The deposition assembly 120 includes an energy source 130 and a material source 132. The material source 132 is configured to convey feedstock material (e.g., metal or polymer-based wires) to the deposition head 122 where it is deposited on the build table 104. In the illustrated embodiment, the material source 132 is a material spool and feeder system configured to convey a wire 134 to the deposition head 122. Thus, the material source 132 may house the wire 134 that is fed to the deposition head 122. For example, the wire 134 may be routed externally of the robotic arm 124 to the deposition head 122 or through an internal cavity of the robotic arm 124 that connects to the deposition head 122. In embodiments, the wire 134 may be a metal or polymer-based wire. In other embodiments, rather than being a material spool and feeder system configured to convey the wire 134, the material source 132 may include a pressurized powder source that conveys a pressurized stream of powder feedstock material to one or more material delivery devices (e.g., nozzles, valves, or the like) of the deposition head 122. Any suitable feedstock material capable of being used in DED processes may be used consistent with the present disclosure.

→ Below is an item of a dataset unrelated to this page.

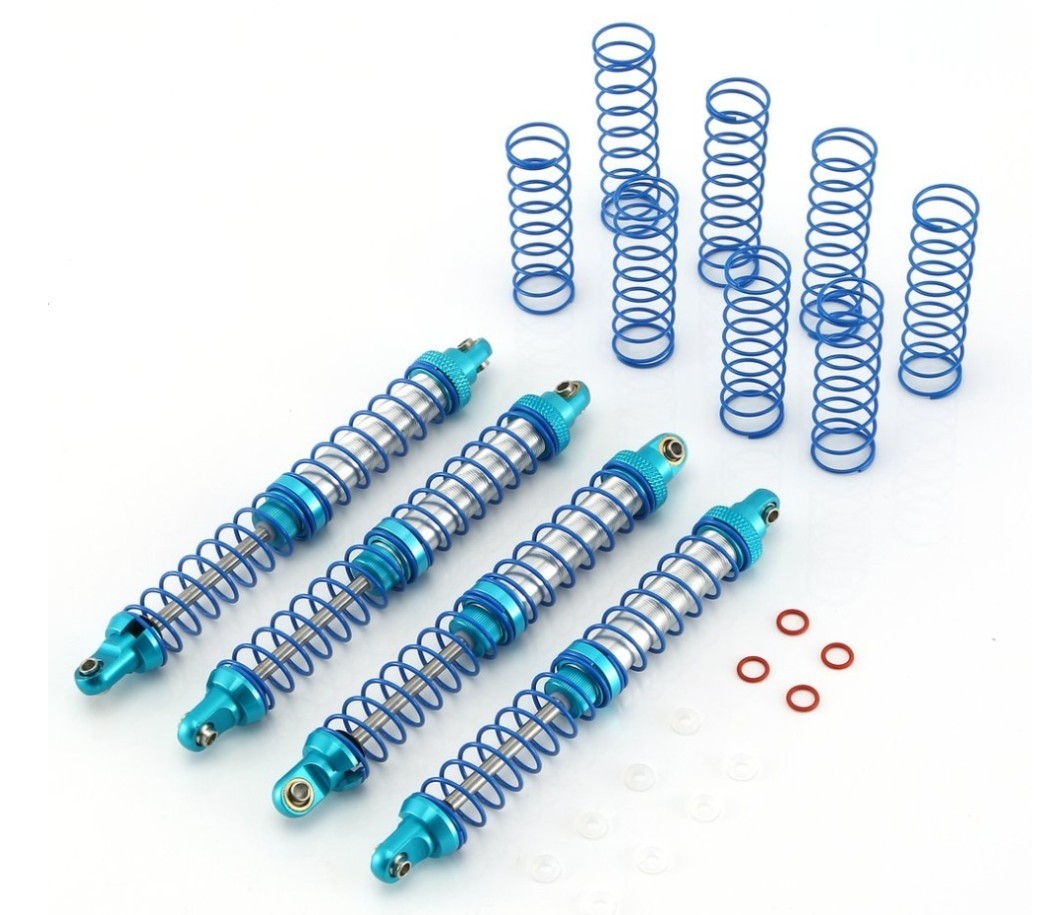 かたさ、車高調整付きで、手でダイヤルナットを回して簡単に任意の位置でスプリングを伸縮固定でき、更に交換調整用のスプリングも付属しますので、クローラーからオンロード、バギー、モントラ、トラギーまで、各メーカーの多くの車種に使えます。

The energy source 130 may take various forms depending on the implementation. In the illustrated example, the energy source 130 is a plasma transferred arc heat source. In other examples, the energy source 130 may include a laser source and optics configured to direct a laser beam having a desired energy density to the build surface 106 of the build table 104. In some examples, the energy source 130 may include an electron emitter connected to a power supply and at least one focusing coil configured to direct an electron beam to the component 102 being constructed on the build surface 106 of the build table 104. In such embodiments, the build table 104 may be placed in a build chamber (not depicted) under a vacuum or having an oxygen-reduced environment. However, the energy source 130 may take various other forms, such as a plasma source, an electron beam source, a resistance heater, etc.

It should be understood that the system 100 may include any number of energy sources and material sources in accordance with the present disclosure. Additionally, feedstock material from the material source 132 may be routed to the deposition head 122 in various ways for emission onto the build table 104. For example, in embodiments, the wire 134 from the material source 132 may be divided into two or more material feeds that are routed through the robotic arm 124 into the deposition head 122. Each material feed may exit the deposition head 122 at a separate delivery nozzle.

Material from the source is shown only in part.